First discussion on the future of the Information System (InfoSys)

  • Alessandra Forti opened the discussion by presenting the (above) assembly of UK sites' feedback concerning the InfoSys usage today and the changes in the support effort if it goes away for the WLCG VOs.

  • Rob Quick in his presentation (slides on the agenda) reminded that OSG makes the InfoSys available as a service to the VOs, which decide what use they make of it. The OSG will change nothing until USATLAS removes all dependencies. The estimated best case scenario today is that the OSG will be able to set the roadmap for the InfoSys deprecation early 2016.

  • Maria Alandes presented (slides on the agenda) the Use Cases, collected so far, for the InfoSys usage in WLCG. It may be possible that some more Use Cases are still missing. People were prompted to report them. The InfoSys possible future deprecation may entail additional questions, e.g. about the future of GLUE. Comments by the participants included:
    • HTCondor is better understood in OSG than GLUE. (Rob)
    • AGIS now relies on the InfoSys. A merge of GOCDB, OIM and the BDII is desirable. In principle ATLAS desires to go the USATLAS (OSG) way. (Ale di Gi)
    • LHCb finds useful the discovery of new CEs appearing on the Grid thanks to the InfoSys today. (Stefan)
    • CMS in principle doesn't use any information from the BDII, although this has to be confirmed. (Oli) In particular Maria A. asked whether the glideinWMS Factory configuration file relies on the BDII to get the list of CEs.
    • ALICE (and all) need the InfoSys for SAM and the CERN IT C5 reports (non WLCG-specific) need it as well. (Maarten)

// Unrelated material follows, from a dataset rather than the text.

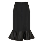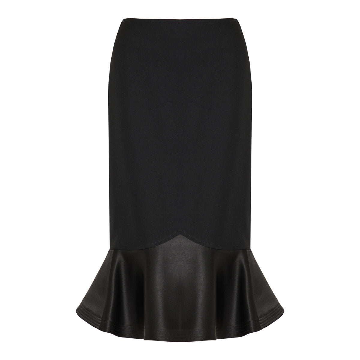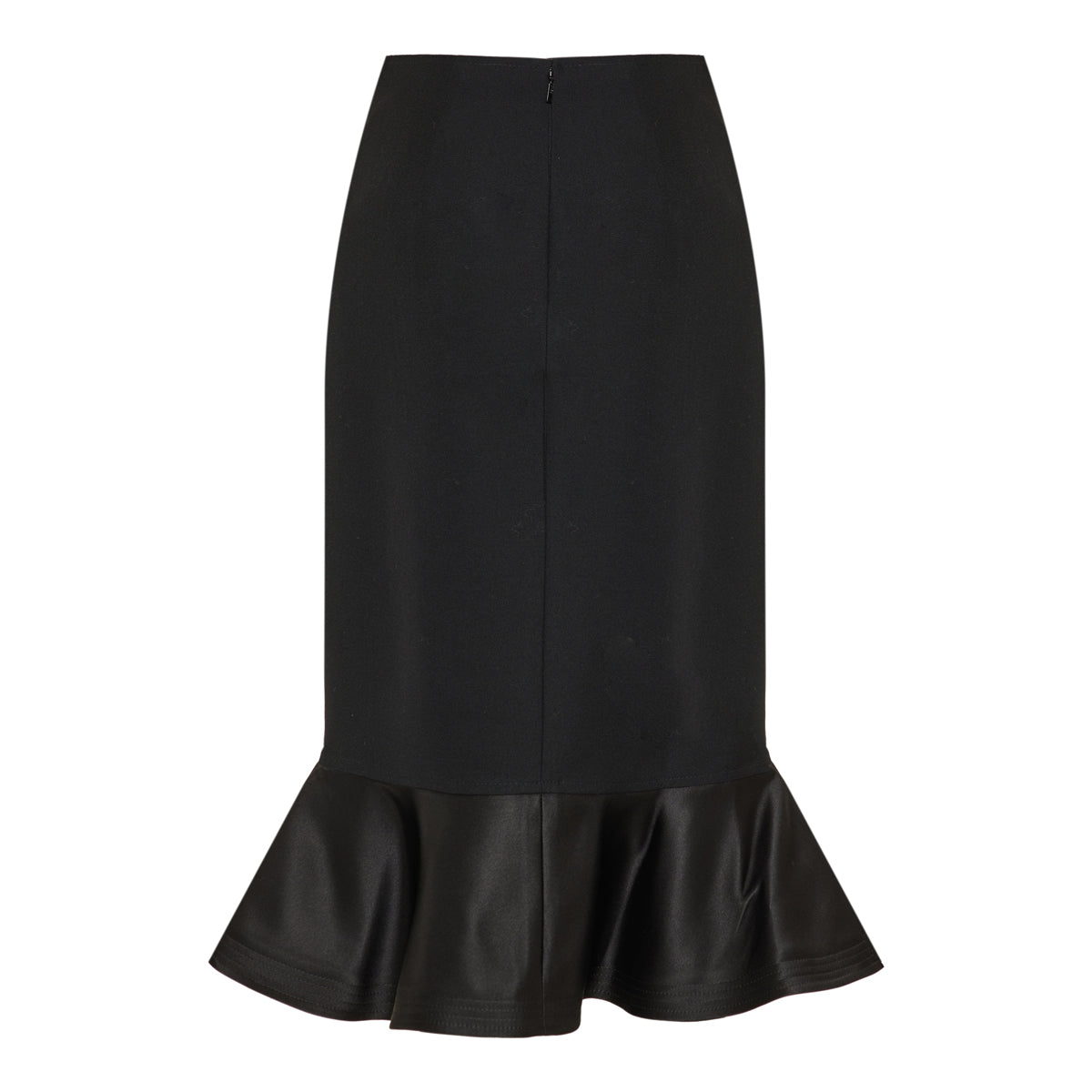 A sophisticated midi skirt from Fendi, crafted from 100% virgin wool in a refined grain de poudre weave. This high-waisted design features a flared silhouette with a satin peplum detail at the hem, adding a touch of elegance. The skirt is lined and fastens with a back invisible zip closure.
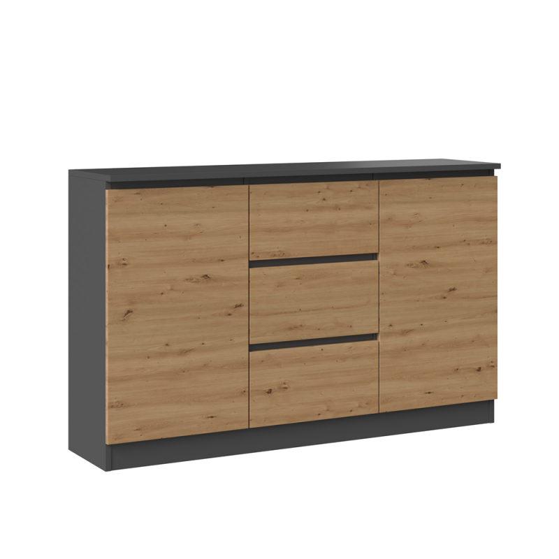 - Bezuchwytowe, fronty szuflad oraz drzwi zapewniają wygodne użytkowanie i podkreślą modernistyczny charakter wnętrza

The discussion on the Information System future is now open. The inventory of Use Cases, dependencies and plans will continue in the coming months. In order to continue the discussion, a dedicated pre-GDB, a new TF or a discussion at the new strategy-making GDB -presumably starting in September- could be used.

Experiments Reports

ALICE

  • mostly high activity
  • CERN: issues due to incompatibility between latest CASTOR and xrd3cp
  • important request to all sites (posted on the alice-lcg-task-force list):
    • please start planning an upgrade of your Xrootd to v4.1
    • please coordinate that with the ALICE Xrootd experts as usual
    • this will help improve the use of third-party transfers
    • it also is needed for making the infrastructure ready for IPv6

No deadline is set yet for this.

ATLAS

  • Data taking: a lot of data recorder thanks to the long LHC duty cycle (some day up to 80%). Trigger rate sometimes up to 2KHz. No showstopper issues.
  • Tier-0: several issues observed during the first 2 weeks of data taking. Intense collaboration between ATLAS experts and CERN IT batch and OpenStack experts. Several improvements made by the batch and Openstack team on the infrastructure, job throughput considerably increased over the past days. ATLAS is now trying to move the most I/O demanding jobs to MCORE, trying these days 4 cores, first results seems encouraging, a task will be processed like this.
  • Network issue at CERN last week created quite some troubles in terms of file and metadata corruption. Still cleaning up the issues
  • There is a backlog of data to transfer from CERN to BNL. After discussion with FTS developers this was found to be caused by the FTS optimizer not pushing hard enough. We have fixed the number of active transfers on the channel but still the throughput is lower than expected.

CMS

  • overview
    • data taking till beginning of this week, now in technical stop and 50ns scrubbing, afterwards 50ns high intensity run
    • MC production and processing in full swing, sustained 1 Billion digitized/reconstructed MC events per month
    • Many thanks to all the sites: Tier-1, Tier-2 and CERN
  • Request to sites
    • Update to Tier-1 CPU Fair Share Policy: 90% production role (was 95%), 10% pilot role (was 5%)
  • Very few issues:
    • EOS at CERN:
      • some file corruption coincide with the network problems on June 11th
      • bug in xrootd plugins that caused intermittent read authentication failures (workaround exists)
    • File transfer issues from FNAL to RAL, suspicion is coincident with many CMS jobs on the RAL farm which cause heavy WAITIO on the storage nodes
  • Questions:
    • Any news debugging the network link problems between P5 and Wigner?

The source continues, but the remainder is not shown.